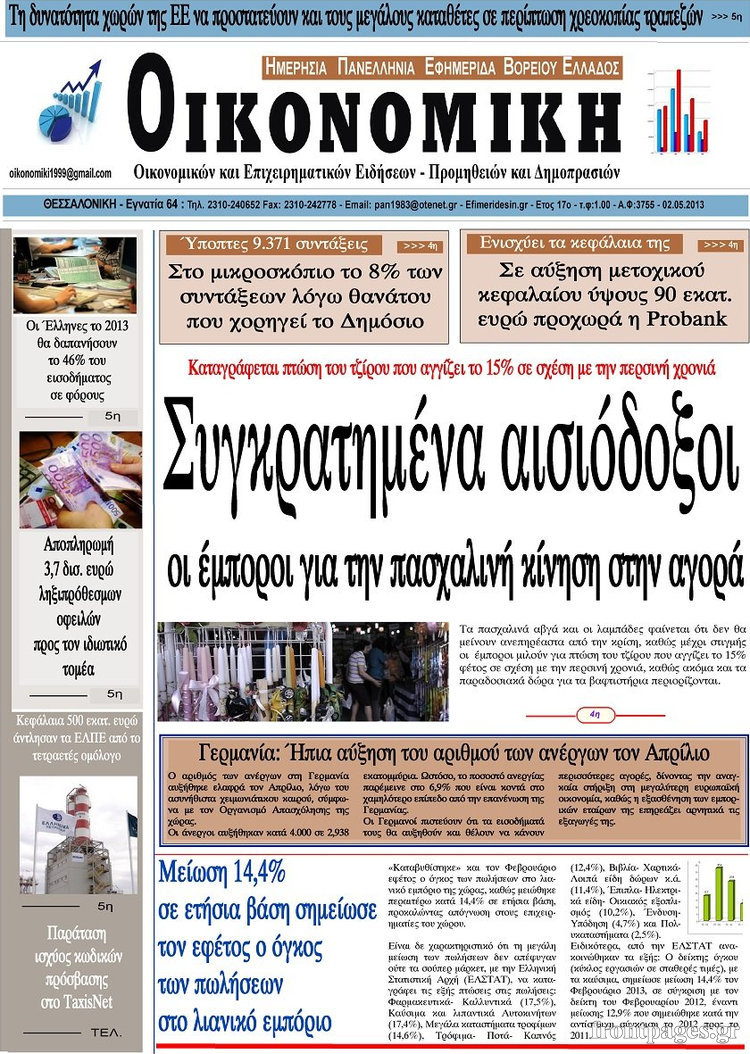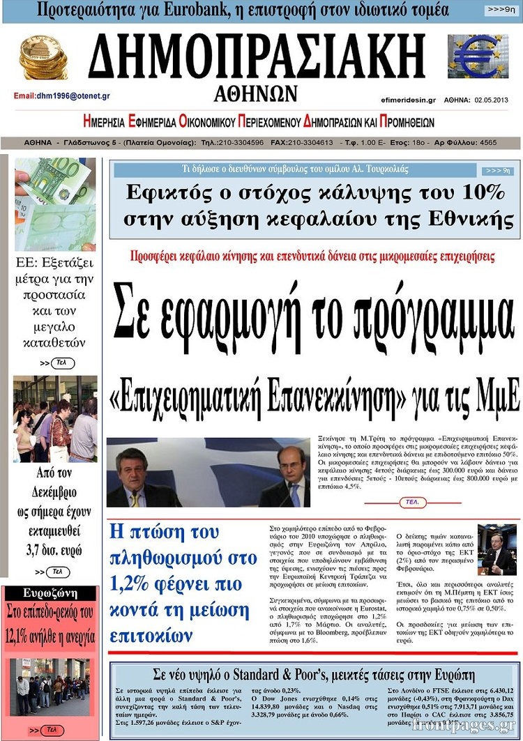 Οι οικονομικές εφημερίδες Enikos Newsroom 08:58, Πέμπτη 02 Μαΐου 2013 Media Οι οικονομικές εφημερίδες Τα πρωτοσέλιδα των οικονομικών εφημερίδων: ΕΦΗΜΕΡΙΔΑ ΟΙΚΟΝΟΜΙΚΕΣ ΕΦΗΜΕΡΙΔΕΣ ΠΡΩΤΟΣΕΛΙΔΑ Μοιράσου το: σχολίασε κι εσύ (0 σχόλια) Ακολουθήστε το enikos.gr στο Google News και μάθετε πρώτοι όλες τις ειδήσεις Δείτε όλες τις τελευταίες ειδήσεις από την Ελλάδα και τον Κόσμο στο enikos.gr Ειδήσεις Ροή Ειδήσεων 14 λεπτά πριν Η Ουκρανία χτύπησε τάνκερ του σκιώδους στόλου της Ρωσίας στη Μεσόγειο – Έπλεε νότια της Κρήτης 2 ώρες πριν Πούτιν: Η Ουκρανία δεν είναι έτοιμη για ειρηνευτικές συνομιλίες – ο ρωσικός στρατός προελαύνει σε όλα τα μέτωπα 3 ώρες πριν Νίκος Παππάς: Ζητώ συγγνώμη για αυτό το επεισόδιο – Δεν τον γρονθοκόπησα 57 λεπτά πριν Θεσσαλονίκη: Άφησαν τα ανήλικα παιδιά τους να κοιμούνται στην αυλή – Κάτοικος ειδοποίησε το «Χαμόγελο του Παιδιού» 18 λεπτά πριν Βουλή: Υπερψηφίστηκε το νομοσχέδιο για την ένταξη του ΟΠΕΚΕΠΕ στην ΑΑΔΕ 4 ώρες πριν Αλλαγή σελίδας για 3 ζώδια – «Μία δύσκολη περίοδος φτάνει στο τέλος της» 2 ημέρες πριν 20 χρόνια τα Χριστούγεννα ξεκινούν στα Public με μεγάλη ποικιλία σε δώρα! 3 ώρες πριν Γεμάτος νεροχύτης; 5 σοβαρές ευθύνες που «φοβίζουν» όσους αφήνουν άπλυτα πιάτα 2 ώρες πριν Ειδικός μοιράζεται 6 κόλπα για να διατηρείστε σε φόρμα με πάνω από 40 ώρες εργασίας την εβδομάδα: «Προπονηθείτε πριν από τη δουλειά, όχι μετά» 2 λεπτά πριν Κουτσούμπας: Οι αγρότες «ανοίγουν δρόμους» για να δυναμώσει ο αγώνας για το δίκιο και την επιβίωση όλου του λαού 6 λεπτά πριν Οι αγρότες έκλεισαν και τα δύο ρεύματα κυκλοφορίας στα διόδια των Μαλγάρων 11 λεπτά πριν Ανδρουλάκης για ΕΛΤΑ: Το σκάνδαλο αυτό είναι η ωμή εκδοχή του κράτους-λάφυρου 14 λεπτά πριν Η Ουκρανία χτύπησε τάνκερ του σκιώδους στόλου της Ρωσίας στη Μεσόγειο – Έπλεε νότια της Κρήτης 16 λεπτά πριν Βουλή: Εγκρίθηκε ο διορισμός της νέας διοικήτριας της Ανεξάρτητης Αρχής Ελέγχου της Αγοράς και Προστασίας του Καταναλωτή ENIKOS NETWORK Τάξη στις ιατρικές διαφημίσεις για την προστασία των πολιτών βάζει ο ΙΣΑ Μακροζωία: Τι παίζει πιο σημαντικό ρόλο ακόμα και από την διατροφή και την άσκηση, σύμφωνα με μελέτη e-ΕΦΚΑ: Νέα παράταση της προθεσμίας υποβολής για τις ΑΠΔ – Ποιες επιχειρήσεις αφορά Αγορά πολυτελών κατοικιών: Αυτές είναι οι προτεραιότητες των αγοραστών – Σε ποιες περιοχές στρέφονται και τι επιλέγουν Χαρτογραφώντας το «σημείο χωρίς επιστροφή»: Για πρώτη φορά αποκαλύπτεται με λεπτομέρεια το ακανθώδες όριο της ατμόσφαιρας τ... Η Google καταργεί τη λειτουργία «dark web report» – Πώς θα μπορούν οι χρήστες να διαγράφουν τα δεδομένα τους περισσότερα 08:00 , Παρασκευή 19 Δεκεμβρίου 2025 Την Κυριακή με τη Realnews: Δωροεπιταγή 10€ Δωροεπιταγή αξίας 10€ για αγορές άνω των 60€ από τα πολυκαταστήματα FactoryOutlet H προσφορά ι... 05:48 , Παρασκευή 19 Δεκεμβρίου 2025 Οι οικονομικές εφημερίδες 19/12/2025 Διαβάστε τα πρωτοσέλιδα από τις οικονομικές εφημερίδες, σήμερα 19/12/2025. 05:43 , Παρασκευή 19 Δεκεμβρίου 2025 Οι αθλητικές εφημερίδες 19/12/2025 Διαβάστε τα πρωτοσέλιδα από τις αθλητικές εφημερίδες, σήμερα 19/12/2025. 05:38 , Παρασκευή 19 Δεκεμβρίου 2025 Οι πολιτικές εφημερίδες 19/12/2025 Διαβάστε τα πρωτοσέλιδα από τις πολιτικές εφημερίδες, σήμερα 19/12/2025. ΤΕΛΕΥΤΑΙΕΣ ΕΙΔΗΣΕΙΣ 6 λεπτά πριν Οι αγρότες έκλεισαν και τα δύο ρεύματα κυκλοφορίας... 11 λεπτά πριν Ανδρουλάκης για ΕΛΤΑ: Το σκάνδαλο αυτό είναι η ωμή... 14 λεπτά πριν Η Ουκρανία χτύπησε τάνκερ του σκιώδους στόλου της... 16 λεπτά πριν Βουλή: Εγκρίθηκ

* * *

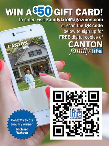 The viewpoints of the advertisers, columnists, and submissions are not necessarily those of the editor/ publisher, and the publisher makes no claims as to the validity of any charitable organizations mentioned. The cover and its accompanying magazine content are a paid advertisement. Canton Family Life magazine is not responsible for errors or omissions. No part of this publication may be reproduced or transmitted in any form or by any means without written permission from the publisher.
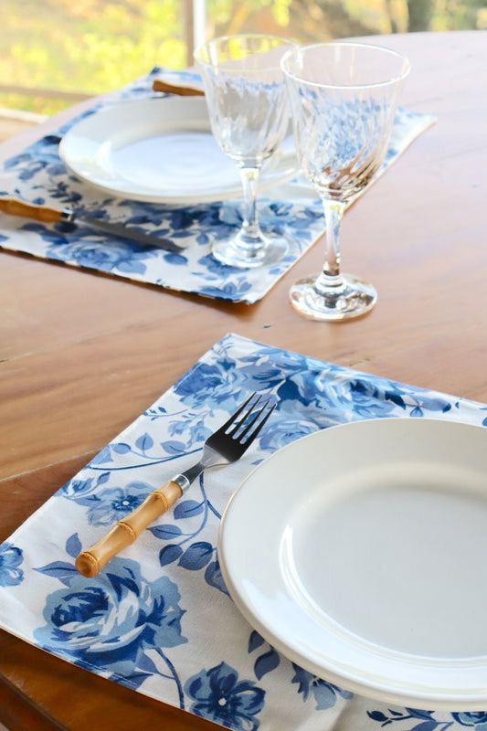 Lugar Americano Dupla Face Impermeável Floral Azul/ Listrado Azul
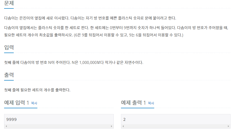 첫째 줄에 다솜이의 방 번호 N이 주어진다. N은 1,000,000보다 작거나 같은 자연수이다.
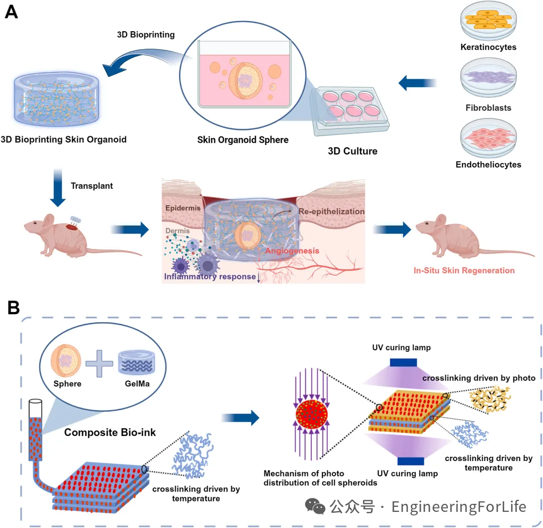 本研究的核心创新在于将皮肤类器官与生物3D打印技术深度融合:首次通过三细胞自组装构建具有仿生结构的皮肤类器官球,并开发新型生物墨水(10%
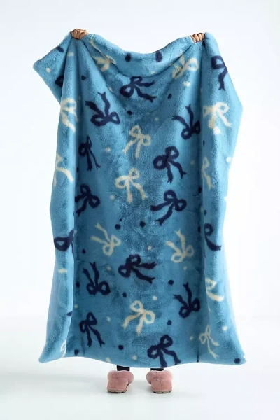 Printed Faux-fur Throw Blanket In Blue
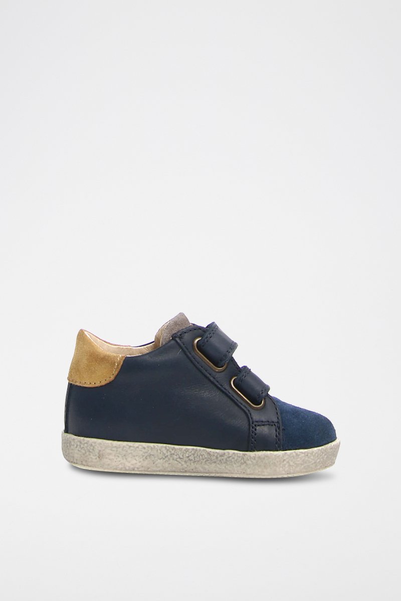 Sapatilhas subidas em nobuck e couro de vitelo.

* * *

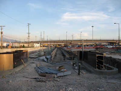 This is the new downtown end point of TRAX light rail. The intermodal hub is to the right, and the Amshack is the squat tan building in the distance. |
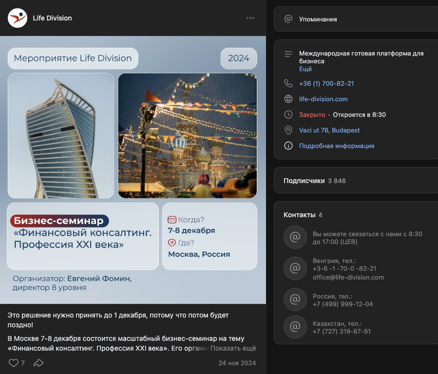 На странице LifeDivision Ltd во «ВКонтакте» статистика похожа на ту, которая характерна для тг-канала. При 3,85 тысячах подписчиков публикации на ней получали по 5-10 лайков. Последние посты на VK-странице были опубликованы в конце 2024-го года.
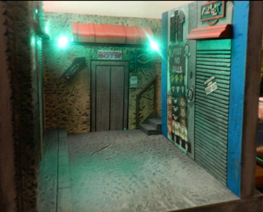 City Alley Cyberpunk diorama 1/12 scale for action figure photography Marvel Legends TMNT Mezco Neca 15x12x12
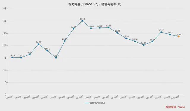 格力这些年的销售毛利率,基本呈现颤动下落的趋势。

* _What the task asks_: Without the pictures, set down the lines above from the line with "첫째 줄에 다솜이의 방" up to and including the line with "Sapatilhas subidas em" exactly as they stand.

* _Result below_:
 첫째 줄에 다솜이의 방 번호 N이 주어진다. N은 1,000,000보다 작거나 같은 자연수이다.
 本研究的核心创新在于将皮肤类器官与生物3D打印技术深度融合:首次通过三细胞自组装构建具有仿生结构的皮肤类器官球,并开发新型生物墨水(10%
 Printed Faux-fur Throw Blanket In Blue
 Sapatilhas subidas em nobuck e couro de vitelo.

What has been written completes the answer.